Tente lembrar de quando você era criança, de como preenchia seu tempo, com o que se ocupava. Provavelmente, nada em específico, você ficava por ali, com seus brinquedos e seus amigos. Só que esse “nada” na verdade é uma grande preparação, um ensaio para como será a vida mais à frente. O brincar e o desenvolvimento social da criança caminham de mãos juntas. Quando a brincadeira envolve um ou mais parceiros, também a interação e a reciprocidade começam a entrar na jogada, com o uso de gestos, expressões faciais, trocas de turno (você me dá, eu te dou aquela…). O senso de identidade da criança e a sua capacidade de entender o outro (e que o outro pode querer algo diferente, p.ex) não se desenvolvem de outro jeito se não for através dessas relações, que devem ser proporcionadas e estimuladas desde cedo. O desenvolvimento social é talvez a principal consequência de brincar com o outro.

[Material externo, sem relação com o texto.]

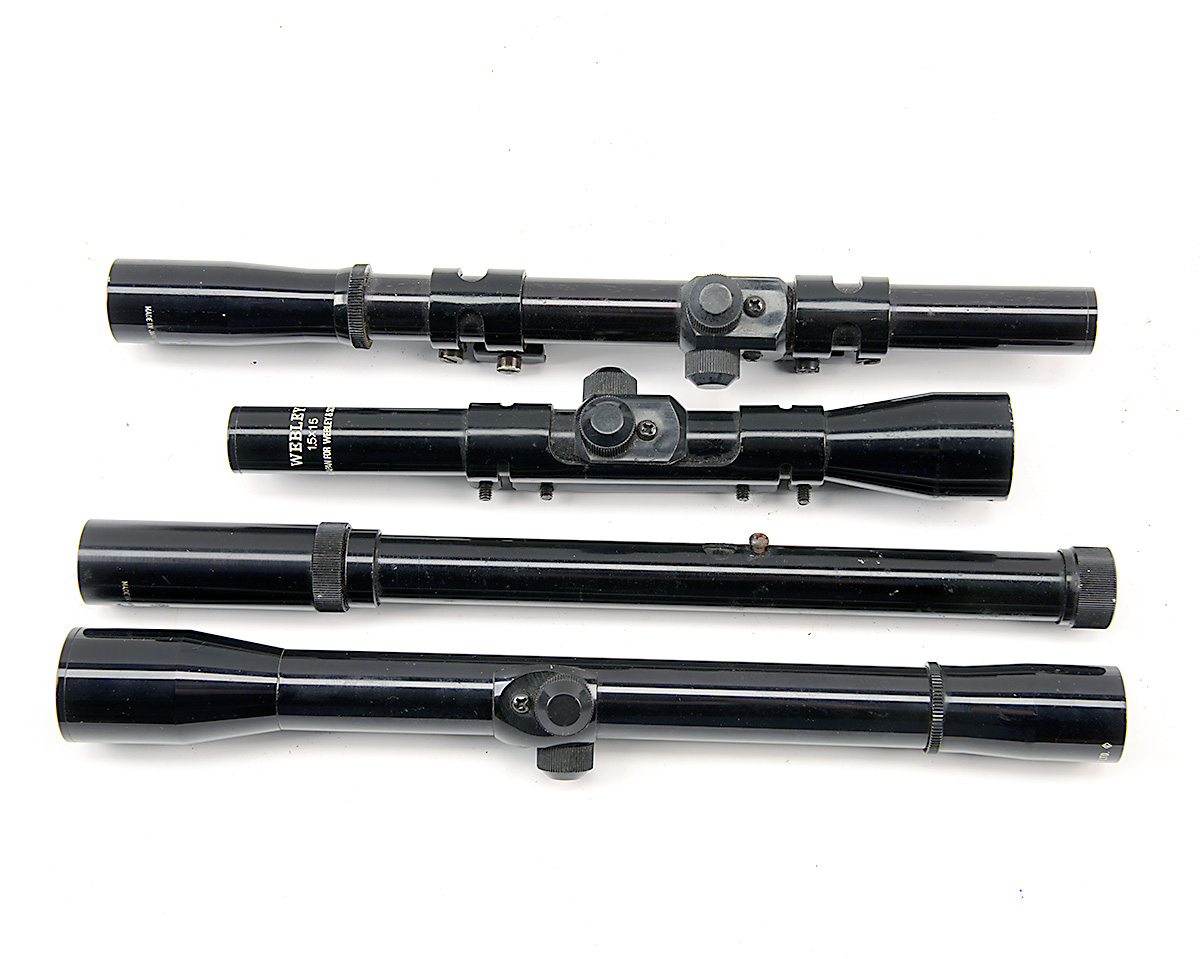 FOUR VINTAGE WEBLEY AIR-RIFLE TELESCOPIC SIGHTS TOGETHER WITH A TRIGGER ADJUSTER, including two 4x15 models, a 4x20 model and a 1.5x15 pistol-scope, the trigger adjuster from a Webley Hurricane with metal tag

Um outro aspecto fundamental que a brincadeira desenvolve é o chamado “pensamento simbólico”, a capacidade de entender que um objeto representa uma coisa do mundo real. Usar esses símbolos permite às crianças aprender sobre o mundo real, testar suas hipóteses sobre como as coisas funcionam (“se eu colocar esse carrinho aqui, será que ele cai?”, “com eu faço para isso voar?”), ensaiar suas ações, testar seus medos em um ambiente seguro, expressar sua imaginação e, principalmente, rememorar e reviver situações do dia-a-dia, muitas vezes aplicando sobre elas diferentes versões dos fatos (“mamãe e eu saímos, eu caí e daí veio uma ambulância”).

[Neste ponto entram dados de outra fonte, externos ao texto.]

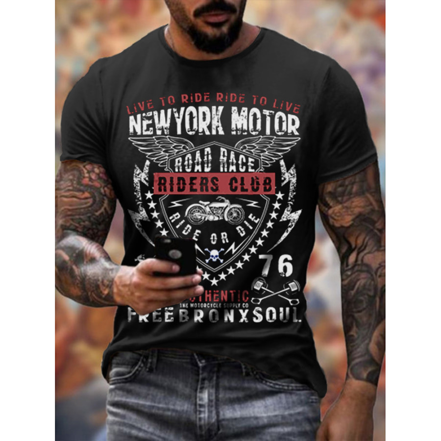 t-shirts,mens retro motorcycle riding printed t-shirt

Quando eu falo sobre brincar não estou necessariamente falando sobre brinquedos. Muitas vezes uma sala cheia de brinquedos novos e não experimentados não produz nada na criança além de uma absoluta desorganização do comportamento! Brincar, no sentido mais intencional e planejado da coisa (no sentido “terapêutico”), envolve obrigatoriamente o aspecto da interação com outra pessoa – que, sendo um adulto, estará lá para modelar (que é o termo técnico para demonstrar, representar, senão teatralizar) para a criança ações e reações frente à brincadeira, de forma que a criança possa aprender “o que fazer”, “como fazer” e “o que dizer” em diferentes situações e cenários, a partir de uma experiência prazerosa e feliz.